EXERCISE GOAL — Only the pictures stay out; please return all the entries below exactly as written.

THE DATA —
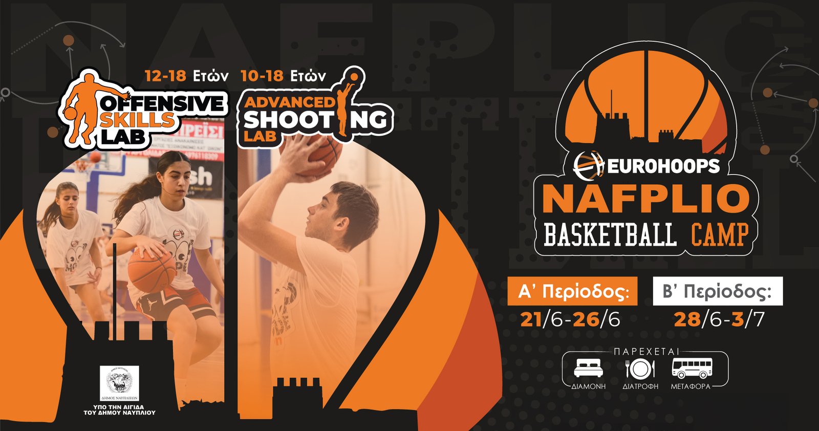 Μετά την επιτυχημένη πρώτη διοργάνωση το καλοκαίρι του 2025, το Eurohoops Nafplio Basketball Camp επιστρέφει δυναμικά για δεύτερη χρονιά, φέρνοντας ξανά στο Ναύπλιο τα εξειδικευμένα προπονητικά προγράμματα του Eurohoops. Το Eurohoops Nafplio Basketball Camp θα πραγματοποιηθεί σε δύο περιόδους (21/6-26/6 & 28/6 – 3/7), προσφέροντας τη δυνατότητα επιλογής μεταξύ δύο προπονητικών προγραμμάτων – του Advanced Shooting Lab και του Offensive Skills Lab. Το Advanced Shooting Lab στοχεύει στην τελειοποίηση του σουτ και αύξηση των ποσοστών ευστοχίας, απευθυνόμενο σε αθλητές/αθλήτριες 10-18 ετών, ενώ το Offensive Skills Lab διδάσκει τα επιθετικά «όπλα» που μπορούν να αναβαθμίσουν το παιχνίδι, απευθυνόμενο σε αθλητές/αθλήτριες 12-18 ετών. Με καθημερινές πολύωρες προπονήσεις υψηλού επιπέδου, χρήση σύγχρονης τεχνολογίας και ένα ολοήμερο πρόγραμμα έξι ημερών που συνδυάζει τη μπασκετική εξέλιξη με τη διαμονή σε μια από τις ομορφότερες πόλεις της Ελλάδας, στιγμές χαλάρωσης και ουσιαστική κοινωνικοποίηση, το Eurohoops Nafplio Basketball Camp αποτελεί μια ολοκληρωμένη εμπειρία μπασκετικής εξέλιξης.
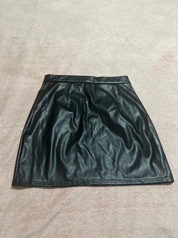 The Topshop Black Leather Mini Skirt is available in sizes M.
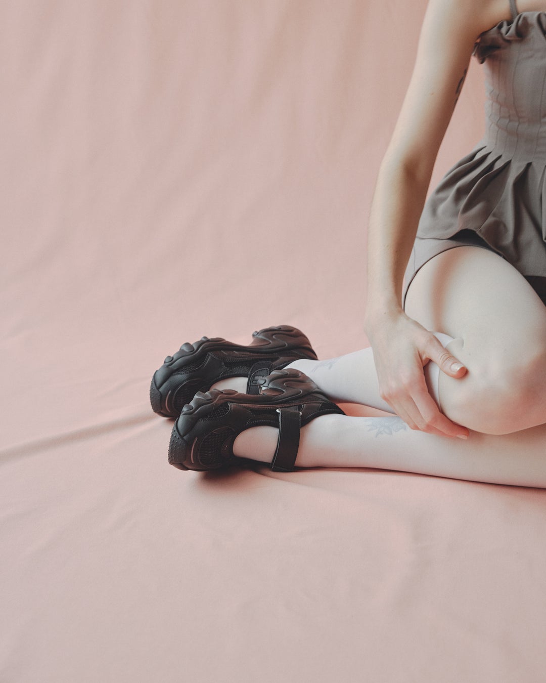 大胆なウェッジソールにはEVA素材を使用しているのでクッション性が高く、見た目以上に軽量で疲れにくく歩きやすいのが特徴。スポーティさと上品さを兼ね備えたここでしか手に入らないスペシャルな1足です。
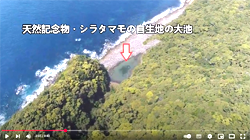 大池に自生している、国指定天然記念物のシラタマモと、出羽島の全景ビデオ。
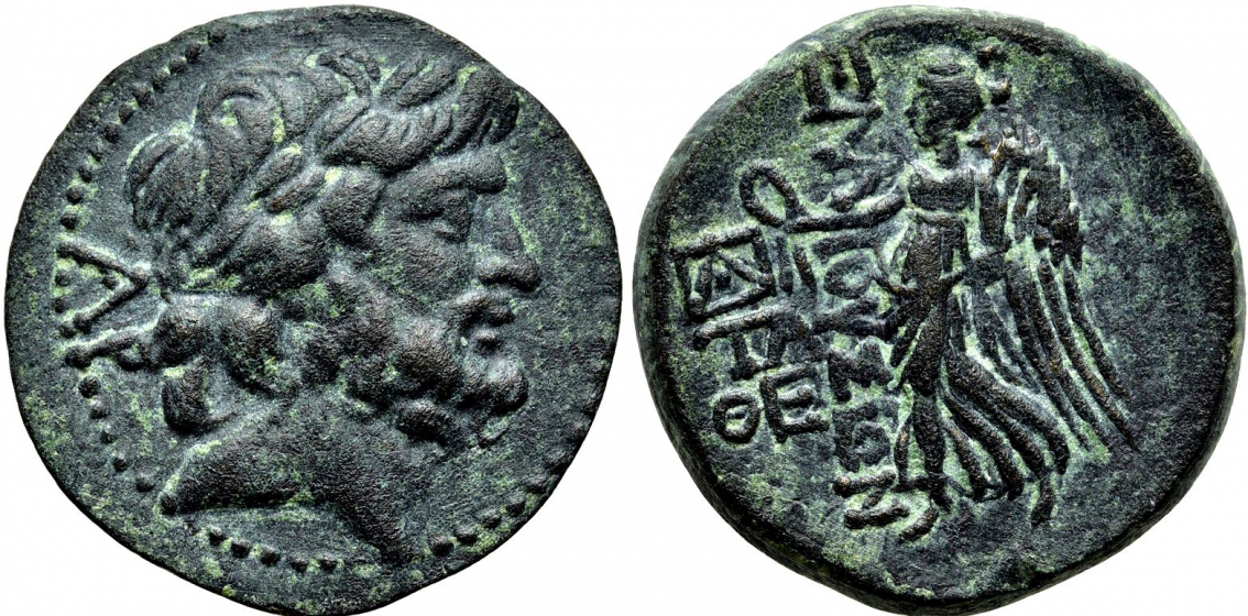 Vs.:Bekrönter Zeusskopf nach rechts, am linken Rand AP.

EXERCISE ANSWER —
 Μετά την επιτυχημένη πρώτη διοργάνωση το καλοκαίρι του 2025, το Eurohoops Nafplio Basketball Camp επιστρέφει δυναμικά για δεύτερη χρονιά, φέρνοντας ξανά στο Ναύπλιο τα εξειδικευμένα προπονητικά προγράμματα του Eurohoops. Το Eurohoops Nafplio Basketball Camp θα πραγματοποιηθεί σε δύο περιόδους (21/6-26/6 & 28/6 – 3/7), προσφέροντας τη δυνατότητα επιλογής μεταξύ δύο προπονητικών προγραμμάτων – του Advanced Shooting Lab και του Offensive Skills Lab. Το Advanced Shooting Lab στοχεύει στην τελειοποίηση του σουτ και αύξηση των ποσοστών ευστοχίας, απευθυνόμενο σε αθλητές/αθλήτριες 10-18 ετών, ενώ το Offensive Skills Lab διδάσκει τα επιθετικά «όπλα» που μπορούν να αναβαθμίσουν το παιχνίδι, απευθυνόμενο σε αθλητές/αθλήτριες 12-18 ετών. Με καθημερινές πολύωρες προπονήσεις υψηλού επιπέδου, χρήση σύγχρονης τεχνολογίας και ένα ολοήμερο πρόγραμμα έξι ημερών που συνδυάζει τη μπασκετική εξέλιξη με τη διαμονή σε μια από τις ομορφότερες πόλεις της Ελλάδας, στιγμές χαλάρωσης και ουσιαστική κοινωνικοποίηση, το Eurohoops Nafplio Basketball Camp αποτελεί μια ολοκληρωμένη εμπειρία μπασκετικής εξέλιξης.
 The Topshop Black Leather Mini Skirt is available in sizes M.
 大胆なウェッジソールにはEVA素材を使用しているのでクッション性が高く、見た目以上に軽量で疲れにくく歩きやすいのが特徴。スポーティさと上品さを兼ね備えたここでしか手に入らないスペシャルな1足です。
 大池に自生している、国指定天然記念物のシラタマモと、出羽島の全景ビデオ。
 Vs.:Bekrönter Zeusskopf nach rechts, am linken Rand AP.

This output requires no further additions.